Nothing but the lines from the one with "- Cushioned &" through the last line of the entries below should appear in the copy, please, and no pictures.

++++ EXERCISE INPUT ++++

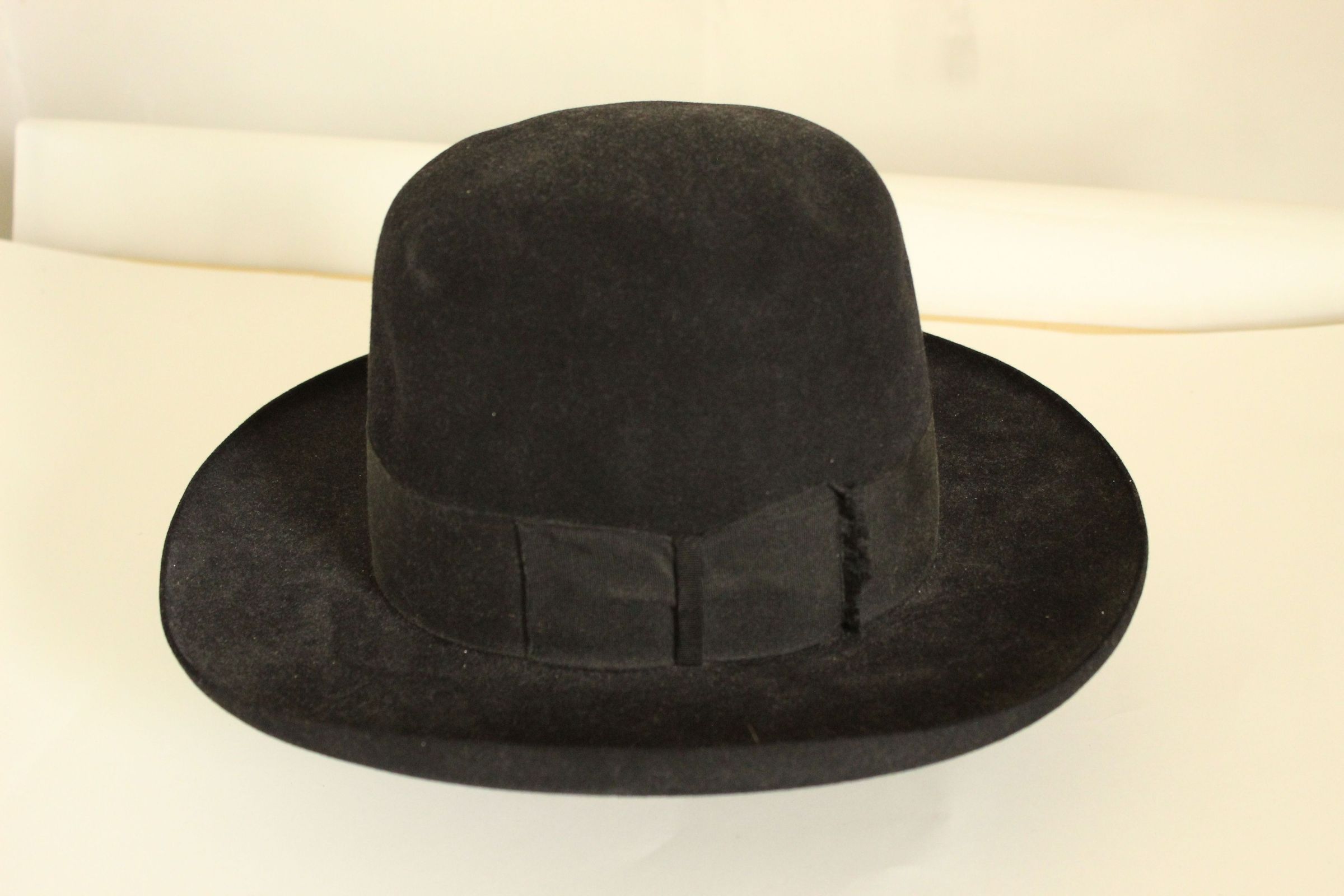 Man's black felt hat. Stamped on inside by John B. Stetson Company and B. Ney & Sons (Harrisonburg, VA). Belonged to Henry Blosser and has "HB" written inside twice.Cataloged By
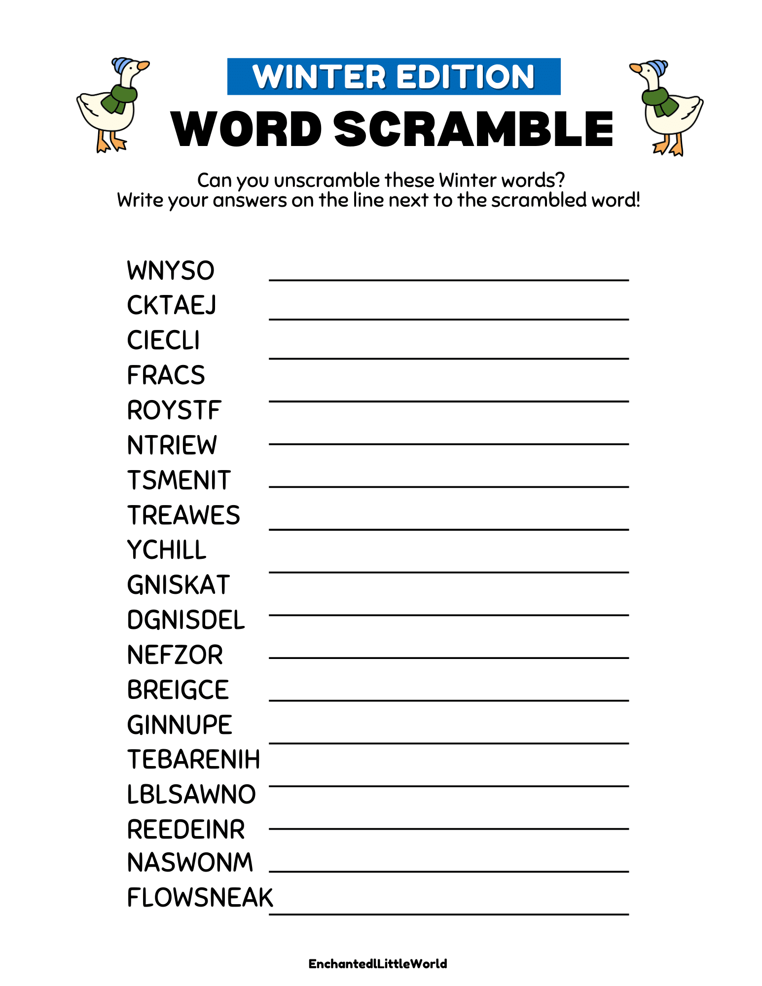 Print your free Winter Word Scramble below using the button!
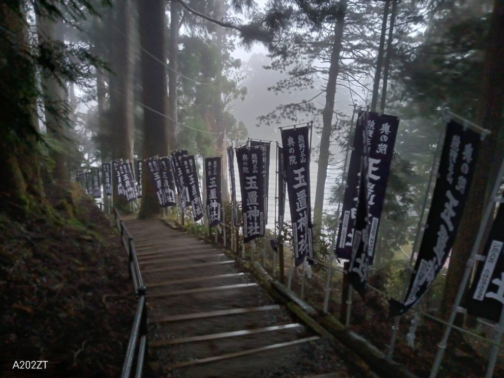 玉置神社の 玉石社(たまいししゃ) は、玉置山の中でも “最も神秘的” といわれる場所のひとつで、社殿を持たず「石そのもの」を神として祀る古代の自然崇拝の形 が残る、とても貴重な聖所です。このように階段をひたすらあがっていきます。
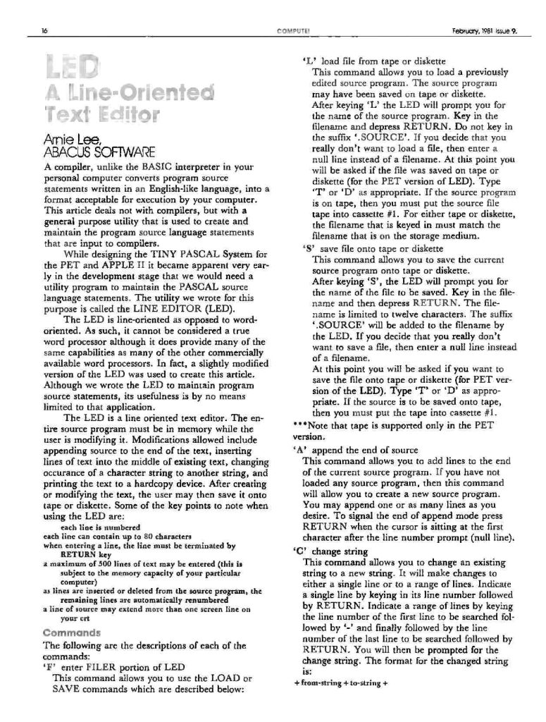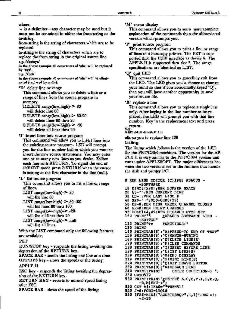 The listing which follows is the version of the LED for the PET/CBM machines. The version for the APPLE II is very similar to the PET/CBM version and runs under APPLESOFT. The major differences between the two versions are in the routines that handle the disk and printer I/O.
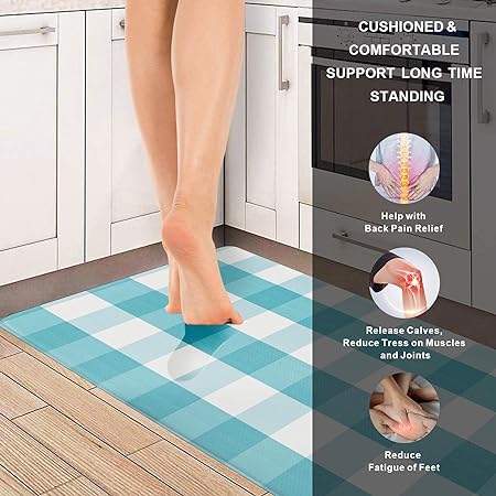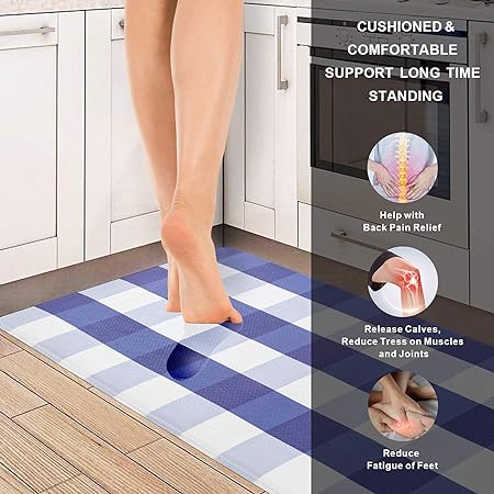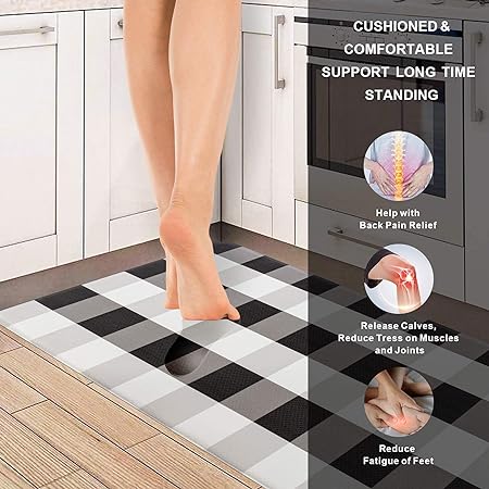 - Cushioned & Comfortable---This anti-fatigue kitchen mats are ergonomically engineered,extra thick mats help immensely with back and joint pain relief with long time standing work. Perfect for home or commercial use in areas such as kitchen shink, office standing desk.
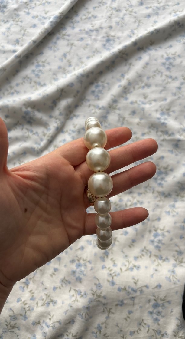Beyaz ve ipeksi dokulu büyükten küçüğe inci boncuklardan oluşan saç aksesuarı. Bohem ve Paris tarzı yansıtır. ✨

++++

▶ **RESPONSE TO THIS EXERCISE**
 - Cushioned & Comfortable---This anti-fatigue kitchen mats are ergonomically engineered,extra thick mats help immensely with back and joint pain relief with long time standing work. Perfect for home or commercial use in areas such as kitchen shink, office standing desk.
Beyaz ve ipeksi dokulu büyükten küçüğe inci boncuklardan oluşan saç aksesuarı. Bohem ve Paris tarzı yansıtır. ✨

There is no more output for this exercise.